# How to get dog to STOP playing keep away



## perlita (Jan 6, 2012)

Once my dog is in the park, she'll find a stick, food, toy or (the worst) dead animal, and run around with it. Whenever I try to go over to get it from her, she runs away. She _knows_ I'm going to take it away so she plays keep away.

I've tried bribing her with treats, but it doesn't always work. It's frustrating to try to get back someone else's toy that she stole, and it's disgusting when it's a dead animal. I really don't want her to have anything because she doesn't just chew, she EATS. She eats sticks and fruits and whatever else she can find.

Any tips? Thanks!


----------



## Gally (Jan 11, 2012)

I would start at home in a low distraction environment and practice, practice, practice. Then add small distractions and gradually work your way outside and eventually to a high distraction area like the dog park. This may take several weeks to several months depending on the dog.

There are three or four commands that would be helpful here: leave it, drop it, give it, and recall.

Leave it would be what you tell her when she shows interest in an item or looks at it but before she picks it up.
Drop it and give it would be when she already has it in her mouth.
Recall is just a lifesaver in any situation where your dog will be off leash even if its an enclosed area. 

You can ask her to come to you and then give you the item. With a reward or a trade for a better item.

Kikopup should have some good videos on how to train all these things with positive reinforcement.
Here's one to start with leave it: http://www.youtube.com/user/kikopup?blend=1&ob=4#p/a/u/1/pEeS2dPpPtA


----------



## perlita (Jan 6, 2012)

Thanks, Gally, great info. I've been working with her a lot in "no distraction" zones because she doesn't pay attention to me at all in the park. When I call her, she never comes unless _she_ wants to. And only if there's a treat in it for her. I think she's just a stubborn doggy to be working with!

Thanks again!


----------



## Gally (Jan 11, 2012)

Keep working with her and build the distractions slowly. She'll get there with some patience 

Good luck!


----------



## hanksimon (Mar 18, 2009)

As Gally said, teach Leave it and drop it, etc.

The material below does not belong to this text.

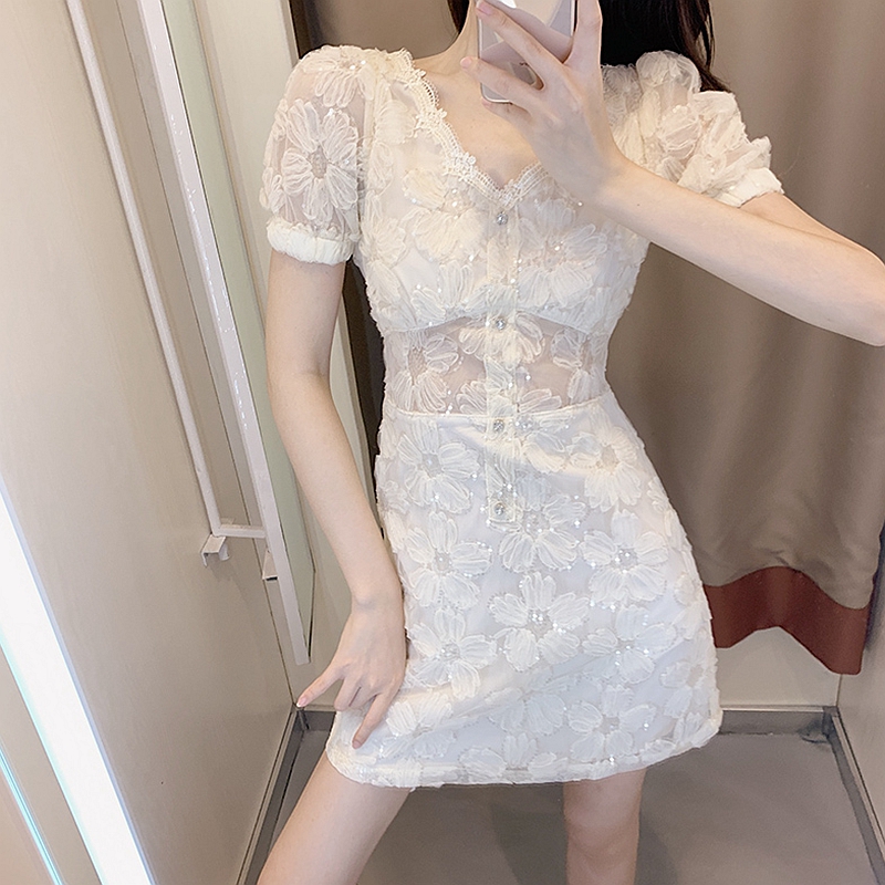 轻奢蕾丝纱连衣裙设计感小众可盐可甜假两件高级感镂空短裙子夏装热门设计联盟服务商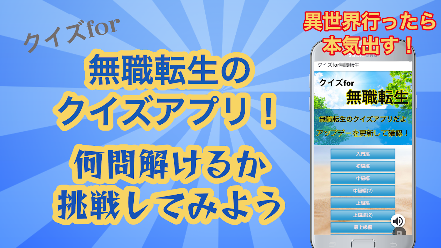 它是一個由流行作品的粉絲和失業轉世者的非官方問答應用程序。將從漫畫和動漫中提出問題。這是一個免費的問答遊戲應用程序,帶有四道選擇題,請玩甚至消磨時間。

Dogs love to be chased, and it is self-rewarding. So are some approaches to try, while you are training her:
1. When she picks up something, get her attention and then run quick... in the other direction... she may chase you. If so, then kneel down, praise her, and give her a treat. When you kneel, if she runs, then you run away, again.
2. Find something that she likes alot - a ball, a toy, boiled chicken ... Then, Click your tongue and let her have it, or a tiny taste of chicken. Keep doing this for about 10 min. for 3 - 5 days, until she learns to expect her reward when you click your tongue. This is different than clicker training, because it's not as precise, and your tongue is the distraction. Now, when you go to the park, click your tongue ...before... she picks up the toy etc. This is only an interim solution, while you train.


----------



## xxxxdogdragoness (Jul 22, 2010)

Wouldn't have her off lead until you can trust 100% that she can be trusted, use a 20ft long line, that way you can reel her in when she grabs something that she shouldn't have & that way with that length of leash she can still get her excersise, play fetch etc.

She's lucky she didn't steal Izze's toy, Izze would have taken it back for you.


----------



## TxRider (Apr 22, 2009)

perlita said:


> Once my dog is in the park, she'll find a stick, food, toy or (the worst) dead animal, and run around with it. Whenever I try to go over to get it from her, she runs away. She _knows_ I'm going to take it away so she plays keep away.
> 
> I've tried bribing her with treats, but it doesn't always work. It's frustrating to try to get back someone else's toy that she stole, and it's disgusting when it's a dead animal. I really don't want her to have anything because she doesn't just chew, she EATS. She eats sticks and fruits and whatever else she can find.
> 
> Any tips? Thanks!


Back chain a strong retrieve cue.. 

http://www.clickertraining.com/node/111


----------